From a biographer of Jane Jacobs and Srinivasa Ramanujan comes the first full life and work of arguably the most influential classical scholar of the 20th-century, who overturned long-entrenched notions of ancient epic poetry and enlarged the very idea of literature.
Mr. Kanigel proves the ideal synthesizer of Parry’s 'brief life and big idea.' If Milman Parry the man proves frustratingly enigmatic throughout this book, he nevertheless seems quite a character ... He met and recorded the traditional singers, or guslars, who performed their narrative poems accompanied on 'rude, raspy one-stringed gusles' ... The chapters recounting this work are Mr. Kanigel’s richest, full of character and incident ... Perhaps it was reading about Demodocus that set Parry on his course, rethinking what we mean by literature. This compelling book gives us the argument and the enigma of his unfinished life.
... the first full-scale account of Parry’s short life, mysterious demise and long-lived influence ... Despite his enormous influence—and an enormous archive—as a subject for biography Parry frustrates Kanigel and, frankly, me. His collected papers run to nearly 500 pages, and the recordings and transcripts he made number in the thousands. Yet his writing rarely strays from technical questions; in his interviews with singers he let his assistant do the talking. In Kanigel’s hands, we see him laughing at a Harvard student production of a Greek tragedy, complaining about bed lice and driving his muddy Ford through the back roads of the Balkans. But his inner life, the source of his scholarly drive — even what it was about the Greek epics that he loved so much — remain a mystery for reader and biographer alike ... In his work, Parry imagined a form of literature at once deeply traditional and uncannily modern, created not by a single genius standing at the head of the Western canon, but rather by hundreds or, perhaps, thousands of performers in venues big and small, composing and reworking songs for their audiences. If he himself resists biography, that may be only appropriate.

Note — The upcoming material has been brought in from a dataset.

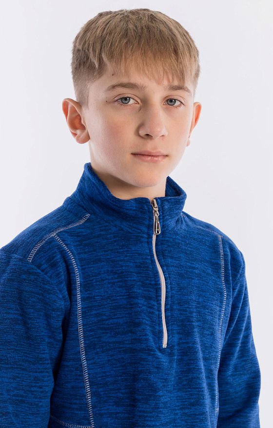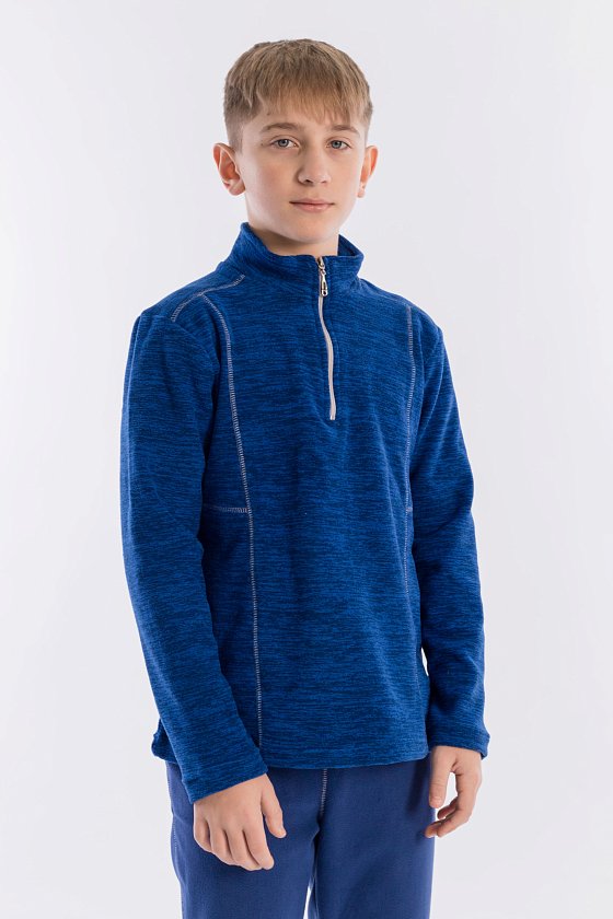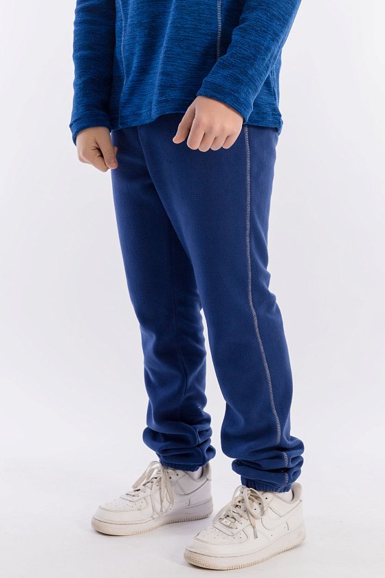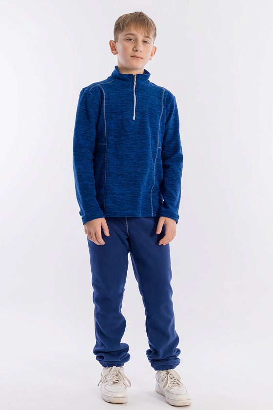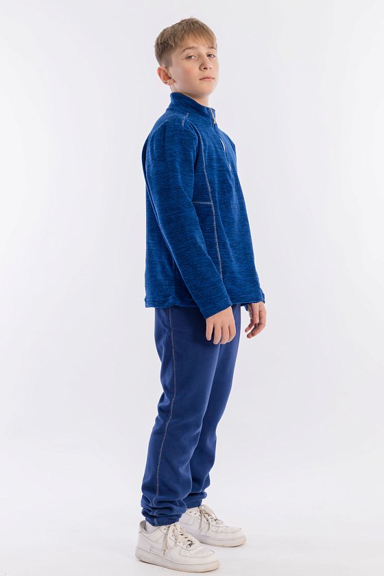 Костюм выполнен из флиса. Толстовка с воротником-стойкой с застёжкой на короткую молнию. Пояс и низ брюк на резинке. На толстовке и брюках в качестве отделки декоративная отстрочка.

Such a life, such a career, and such a death seem almost beyond explanation. But Kanigel shows that, curiously, Parry’s research tackled a comparable problem. In telling the story of his life—and his atrocious marriage, hitherto not much discussed—Kanigel unites it with Parry’s work to frame a single, massive question: What’s the relationship between tradition and inspiration? ... Kanigel’s biography shows that those definitions have led historical lives of their own, through a portrait of a man who best embodied Hippocrates’ old axiom: 'Life is short, and art long'.